-- Opening Marker --

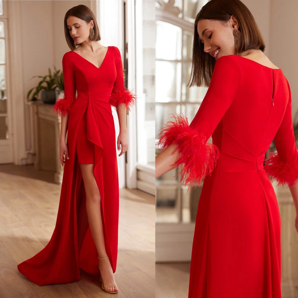 Vestido de fiesta largo. Confeccionado en pedrería con plumas. Con ...
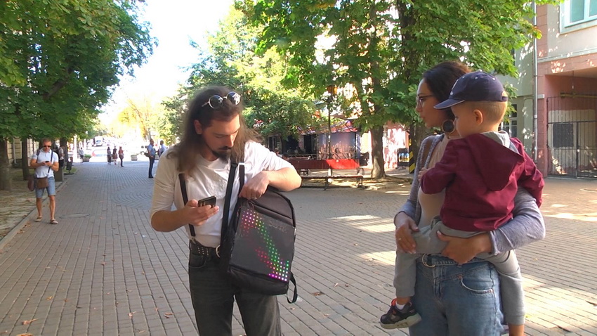 Прогулюючись вулицями Вінниці, Олександр «притягує» до своєї спини чимало поглядів перехожих. Його рюкзак — повноцінний екран.
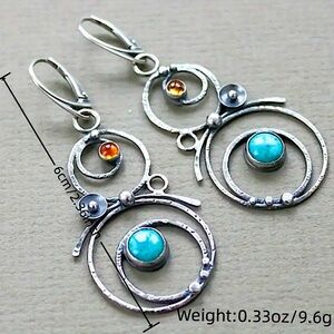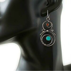 Bohemian Round Blue Stone Earrings Handmade Silver Engraved Round Dangle
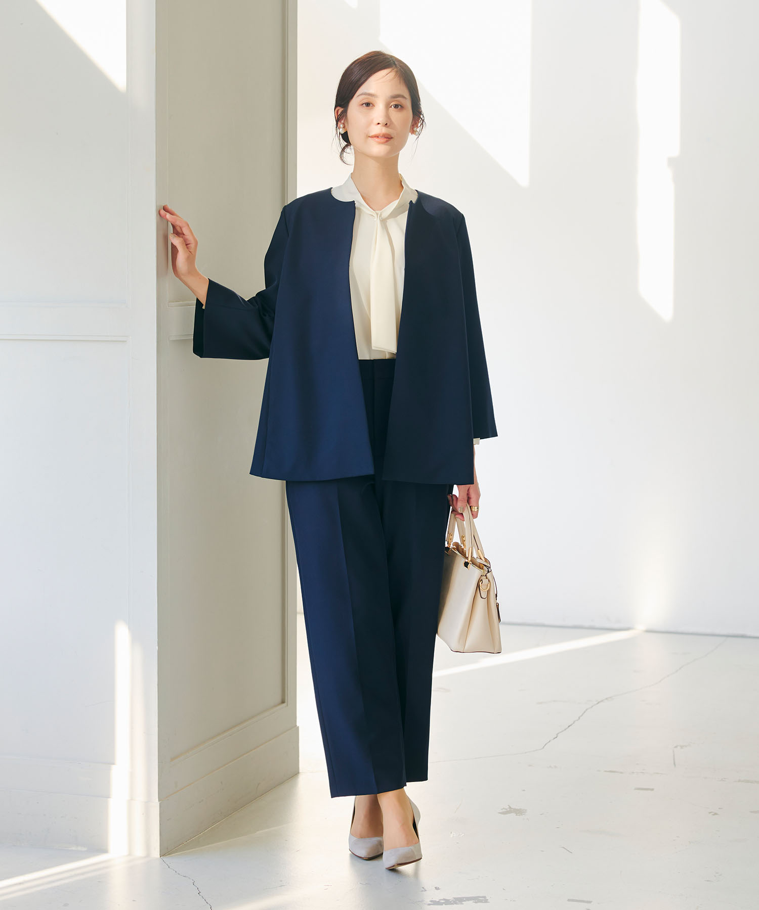 《洗える・シワになりにくい》2点セット 正解 ノーカラージャケット&ワイドパンツ ¥15,400(tax in)
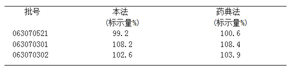 取3批阿奇霉素干混懸劑,按“3”項(xiàng)下配制對(duì)照品溶液和樣品溶液,在上述色譜條件下分別進(jìn)樣20μL,按外標(biāo)法計(jì)算含量,結(jié)果與抗生素微生物法比較見(jiàn)下表

-- Closing Marker --

*Aim of the exercise*
The material above should be printed again exactly, with each picture left out.

*Output*
 Vestido de fiesta largo. Confeccionado en pedrería con plumas. Con ...
 Прогулюючись вулицями Вінниці, Олександр «притягує» до своєї спини чимало поглядів перехожих. Його рюкзак — повноцінний екран.
 Bohemian Round Blue Stone Earrings Handmade Silver Engraved Round Dangle
 《洗える・シワになりにくい》2点セット 正解 ノーカラージャケット&ワイドパンツ ¥15,400(tax in)
 取3批阿奇霉素干混懸劑,按“3”項(xiàng)下配制對(duì)照品溶液和樣品溶液,在上述色譜條件下分別進(jìn)樣20μL,按外標(biāo)法計(jì)算含量,結(jié)果與抗生素微生物法比較見(jiàn)下表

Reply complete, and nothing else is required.